Population coding of direction.

It is important to consider the coding of sensory parameters at the population level. Population coding schemes can be conceptually divided into those based on spike timing and those based on spike count. The first-spike latency scheme and the spike count scheme represent single members, respectively, of the first and of the second class. Since latency is a continuous quantity, whereas spike count is discrete, latency codes can be substantially more powerful, particularly when, as here, the encoded variable is itself continuous and hence requires a large bandwidth (Maass 1996). Thus, as illustrated in Fig. 6 for small populations, direction can only be decoded at very low resolution from a population spike-count code but at much higher resolution from a population latency code. For a discrete stimulus with few classes, the potential of a latency scheme could be underestimated.

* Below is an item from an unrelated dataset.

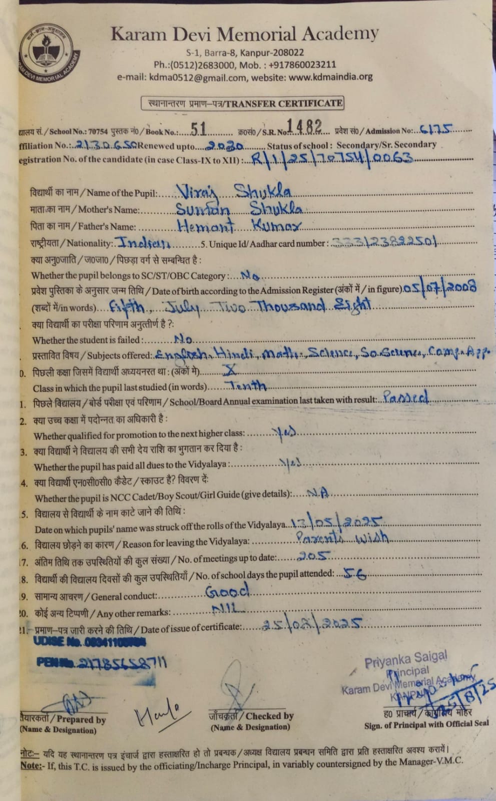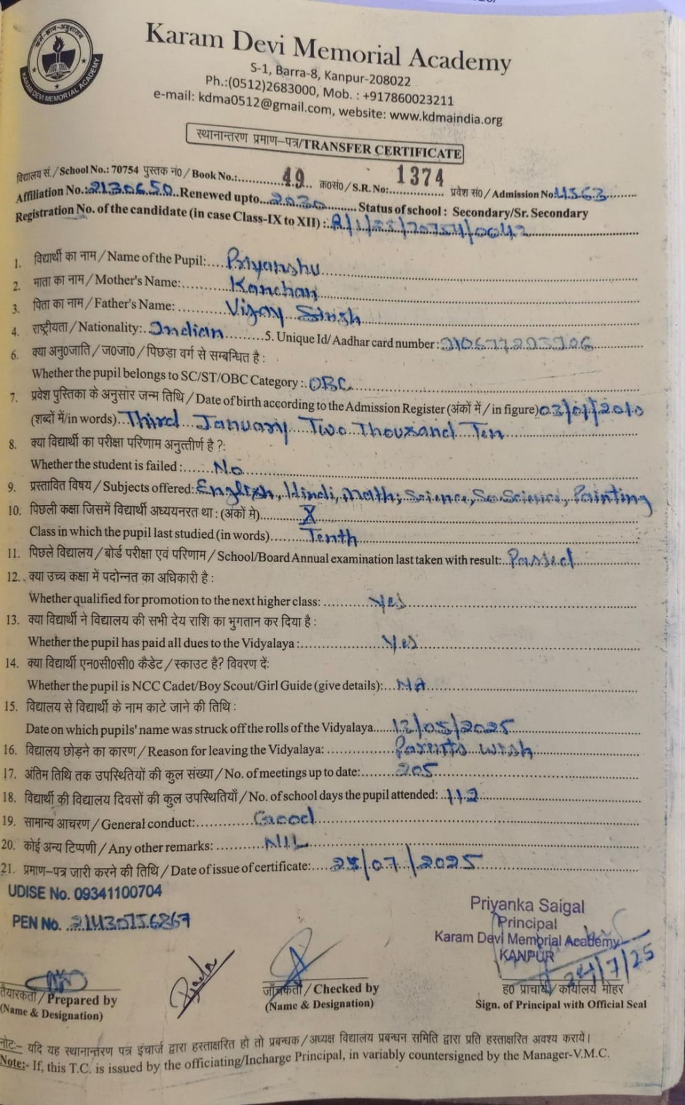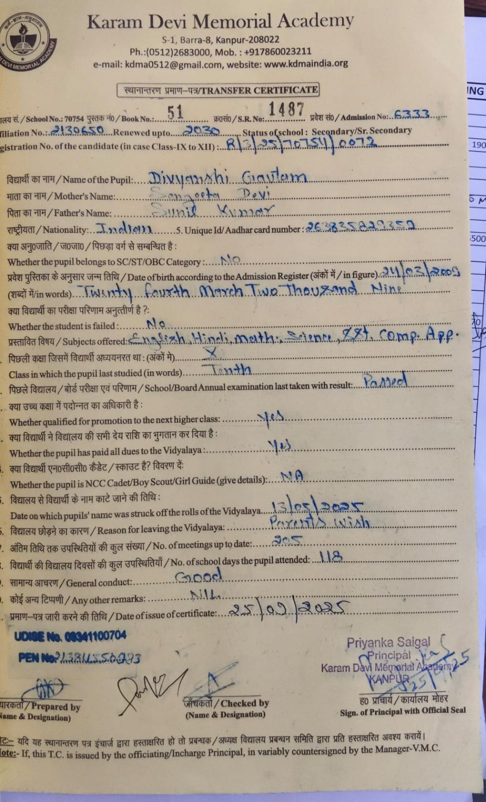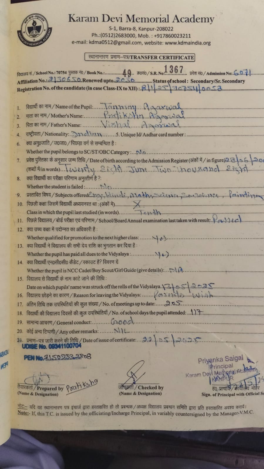 | 8 | 1484 | Riya Yadav | View TC of Riya Yadav |

Our final aim was to study coding of direction at the population level. We did this by considering how accurately direction could be decoded based on neuronal population activity. When considering the code for a single parameter such as direction, there will inevitably be a saturation effect as the population size increases since there is a limit to how far performance can increase. As expected, we found that decoding for both latency and spike-count codes became increasingly accurate and increasingly similar as population size increased. However, for small populations (2–6 in ganglion, 2–5 in VPM), decoding was significantly more accurate for the latency code.

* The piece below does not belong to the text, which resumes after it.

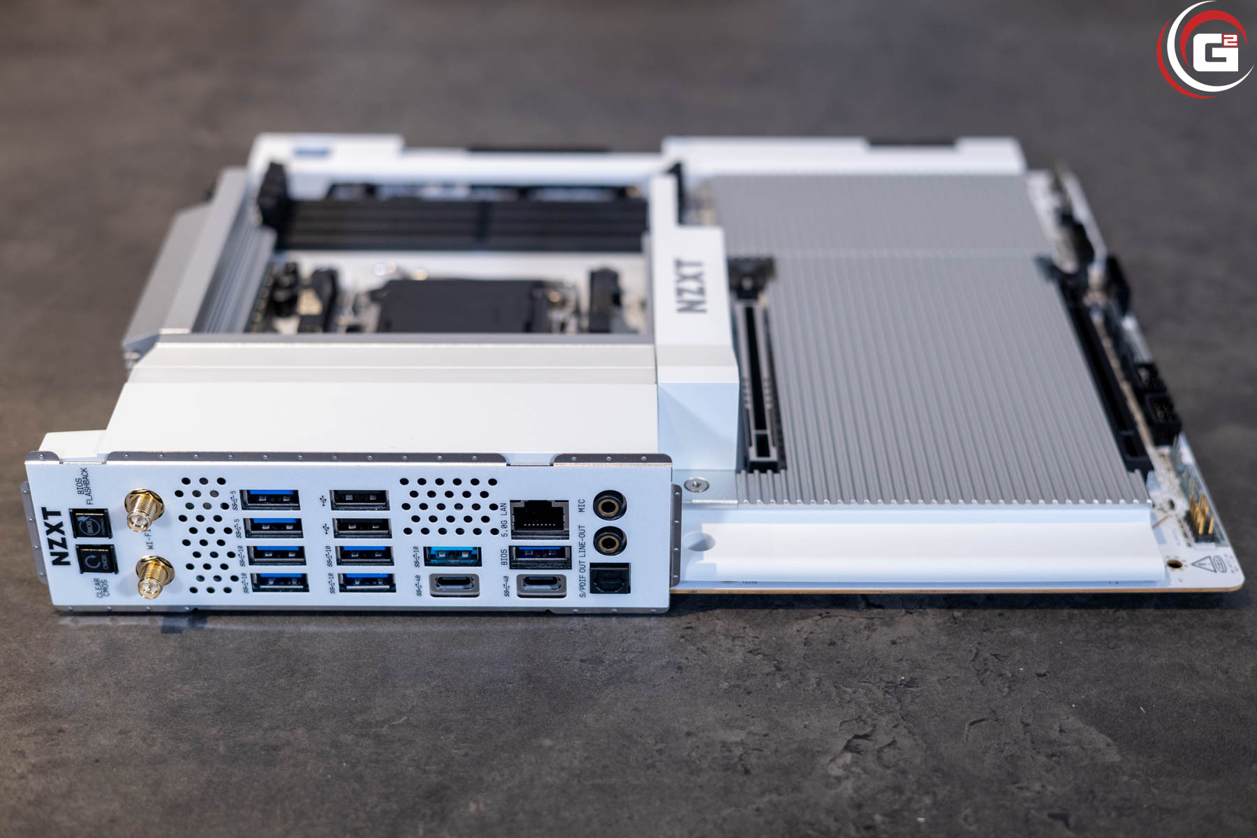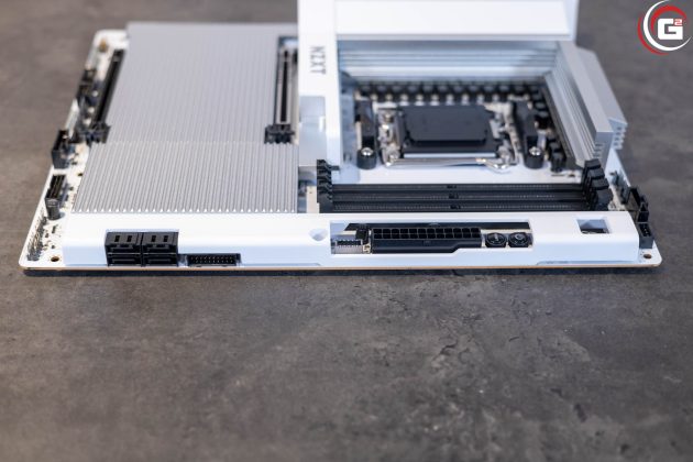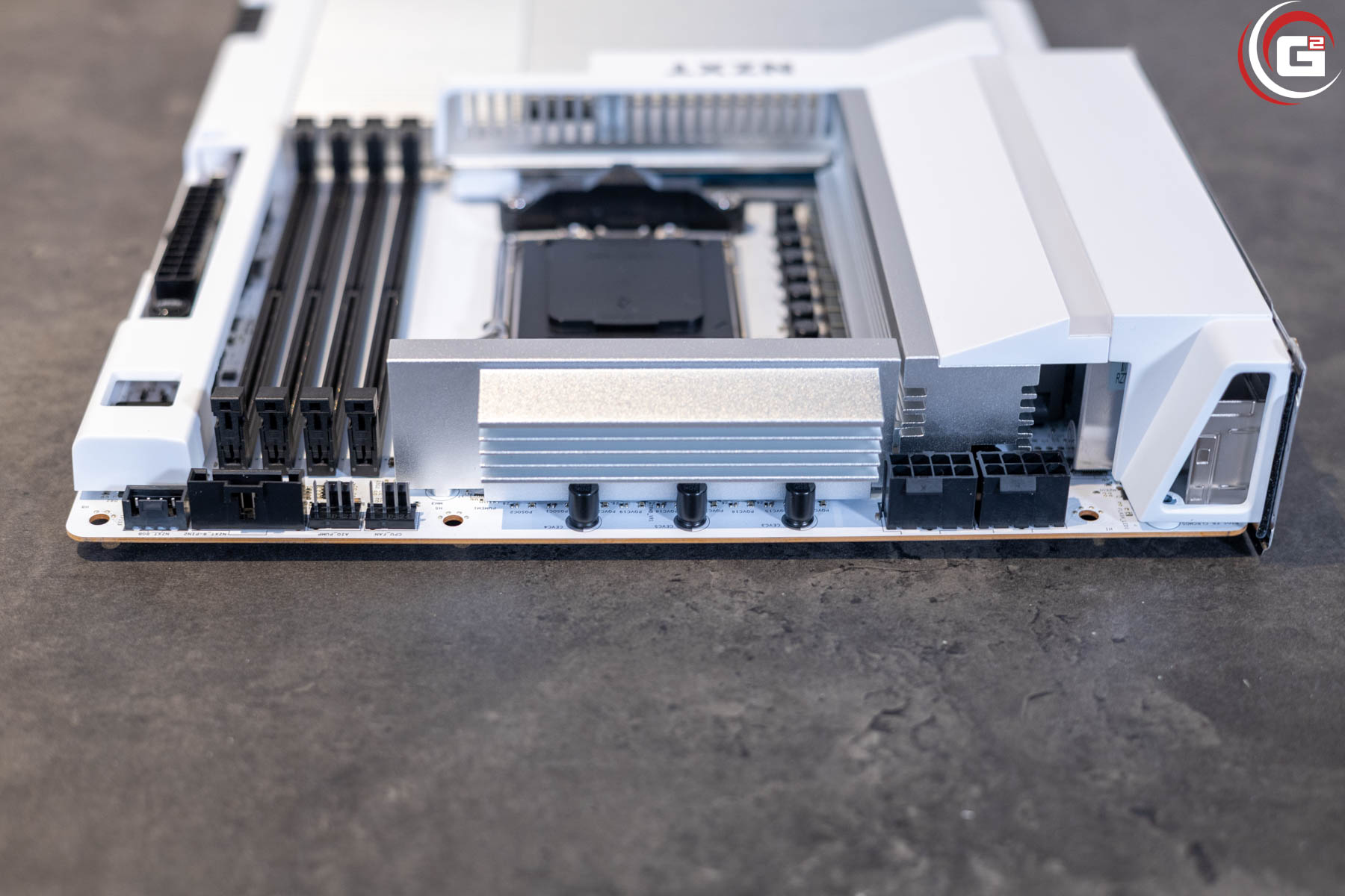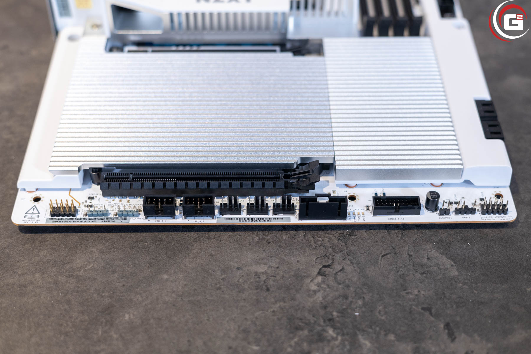 Die vier SATA-Ports und die beiden USB-3.2-Gen-1-Header sind seitlich gewinkelt angebracht, was das Kabelmanagement etwas vereinfacht. Der USB-3.2-Gen-2×2-Header ist nicht gewinkelt positioniert, ebenso der ATX-Stromanschluss. Alle weiteren Anschlüsse finden sich gesammelt an der Unter- und Oberseite des Mainboards. An der Oberseite befindet sich der proprietäre Lüfter- und RGB-Anschluss von NZXT, sowie ein klassischer Lüfteranschluss und die Anschlüsse für den CPU-Kühler und die Pumpe. Die weiteren Lüfter, RGB und USB-Anschlüsse befinden sich an der Unterseite.

These results indicate that population latency coding may permit the same amount of stimulus information to be processed by a neural circuit with fewer neurons than would be necessary with a spike-count code. This has significant potential advantages. First, neural processing incurs a substantial metabolic cost (Laughlin 2001; Laughlin et al. 1998), and latency coding could decrease the energetic cost of information transfer. Second, since the number of possible neural connections rises factorially with population size, latency coding may substantially reduce the wiring complexity of neural circuits, which studies indicate to be an important constraint on nervous system organization (Cherniak 1994; Laughlin and Sejnowski 2003; Shinbrot and Young 2008; Varshney et al. 2011). Third, sparser connectivity potentially reduces redundancy and promotes adaptability of neural circuits to novel and unexpected stimuli (Tononi et al. 1999). For cases such as the subcortical lemniscal pathway, where the number of afferent synaptic inputs is small (Arsenault and Zhang 2006; Deschenes et al. 2003), computation based on first-spike latencies may present significant computational advantages compared with those based on spike counts.

GRANTS

This work was supported by CARMEN e-science project (Engineering and Physical Sciences Research Council Grant EP/E002331/1) and Biotechnology and Biological Sciences Research Council Grant BB/G020094/1 to R. S. Petersen.

DISCLOSURES

No conflicts of interest, financial or otherwise, are declared by the author(s).

AUTHOR CONTRIBUTIONS

R.S. and R.S.P. conception and design of research; R.S. analyzed data; R.S., G.E.M.B., and R.S.P. interpreted results of experiments; R.S. and R.S.P. prepared figures; R.S. and R.S.P. drafted manuscript; R.S., M.R.B., G.E.M.B., and R.S.P. edited and revised manuscript; R.S., M.R.B., G.E.M.B., and R.S.P. approved final version of manuscript; M.R.B. performed experiments.